PHILIP OF SPAIN.
THE CASE OF THE SILVER VASES
Manuscript on paper.
Novara, Italy, 7 July 1566£5,750.00
Folio. 32 leaves (28 by 19cms approx.), 19 lines to full page. Handsome, legible Humanist hand. Edges untrimmed, brown ink. Slight age browning, light damp stain to middle of pages, last two leaves holed with loss of a few letters, residue of wax seal on verso of last. In later red velvet folder, metal corners and monogram to upper cover ‘C P G’, coronet above, middle letter and coronet now missing.
Fascinating legal manuscript recording the judgement of the council of Novara in a dispute between two important noble families on the one side and the extremely prominent Alexander Farnese, Duke of Parma on the other. The document is dated 7th July 1566 and concerns Johannes Francicsus Tornielli and Marcus Antonius Brusati and Franciscus Maria Plotus who is named as their associate. The court proceedings are richly described with a sense of immediacy; almost in the style of a stenographer. The manuscript commences with an address to Philip II, King of Spain, Sicily and Milan, and entreats him to approve the judgement of the council as presented to him and in making his final decree, to remove all discord. It is also stated that his judgement will set a precedent for future disputes of this kind. The council members and their relative superiority and status to one another are described, naming key members as ‘subscripti’. The scene is then set: Sunday 7th July 1566, in the evening, at the palazzo of Novara.
The case concerns ‘Vasa Argentea’, silver cups or vases, that should be given or returned to Alexander Farnese and his wife by Tornielli and Brusati. However, the two accused state “ipsa vasa penes se se non adesse, & nescrire quid de eis factus sit…”, they don’t have the vases and they don’t know what has happened to them. They then state they don’t want to be members of the council anymore and withdraw from proceedings. A lengthy case follows including a long history of both families, where they are described as ‘nobilissima e dignissima’ and a list of the various honours and high positions the family members hold is put forth. This is corroborated by extensive historical evidence from as early as the twelfth century. A number of streets and monuments in the modern city still bear their name. One could compare them to the fictional Montagues and Capulets as these two families of Novara were often engaged in fierce conflict.
The final decree is as follows: 500 gold coins must be paid by Tornielli and Brusati and they lose their positions in the council and therefore their voices on important matters. The official stamp of the council was affixed, and presumably a copy would have been sent to Philip of Spain’s court for its ratification. The manuscript is not only a valuable record of a considerable and exciting legal dispute but also provides in remarkable detail how proceedings were conducted, naming key players and explaining concepts and events.

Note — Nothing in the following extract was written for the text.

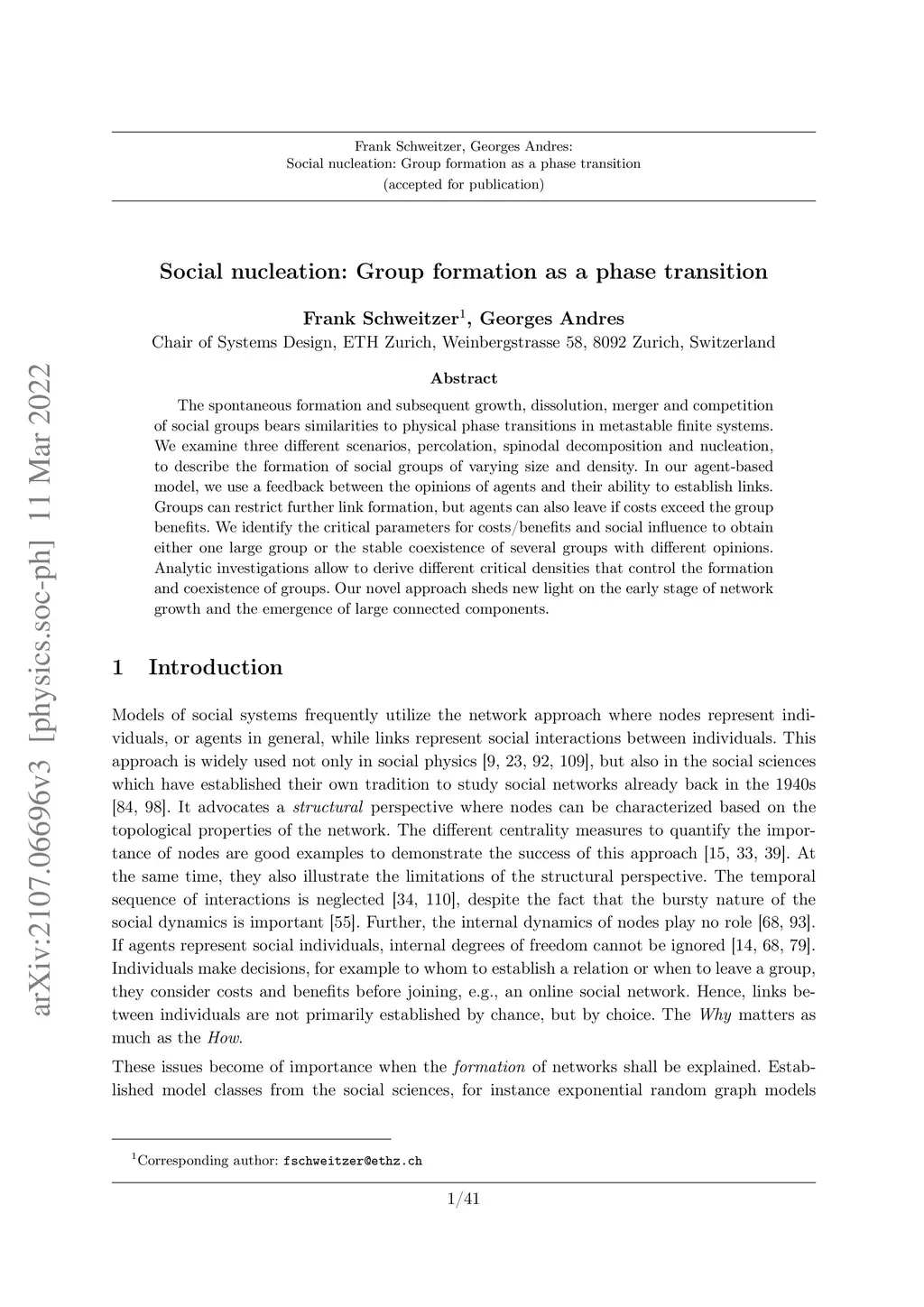 The spontaneous formation and subsequent growth, dissolution, merger and competition of social groups bears similarities to physical phase transitions in metastable finite systems. We examine three different scenarios, percolation, spinodal decomposition and nucleation, to describe the formation of social groups of varying size and density. In our agent-based model, we use a feedback between the opinions of agents and their ability to establish links. Groups can restrict further link formation, but agents can also leave if costs exceed the group benefits. We identify the critical parameters for costs/benefits and social influence to obtain either one large group or the stable coexistence of several groups with different opinions. Analytic investigations allow to derive different critical densities that control the formation and coexistence of groups. Our novel approach sheds new light on the early stage of network growth and the emergence of large connected components.

Alexander Farnese was a prominent Italian noble and condottiero and general of the Spanish army. The Farnese family were hugely influential in Europe in the fifteenth and sixteenth centuries. He was sometime Duke of Parma, Piacenza and Castro and Governor of the Spanish Netherlands. His mother was the half-sister of Philip II of Spain and Alexander was raised and educated in Spain until his marriage. This dispute occurred when he was 21 years old, a year after his marriage to Maria of Portugal, when he had just established himself in the city of Parma. Historical records indicate Farnese’s time in Parma was filled with hunting, riding and other leisurely activities, until he left to fight the Turks in 1571.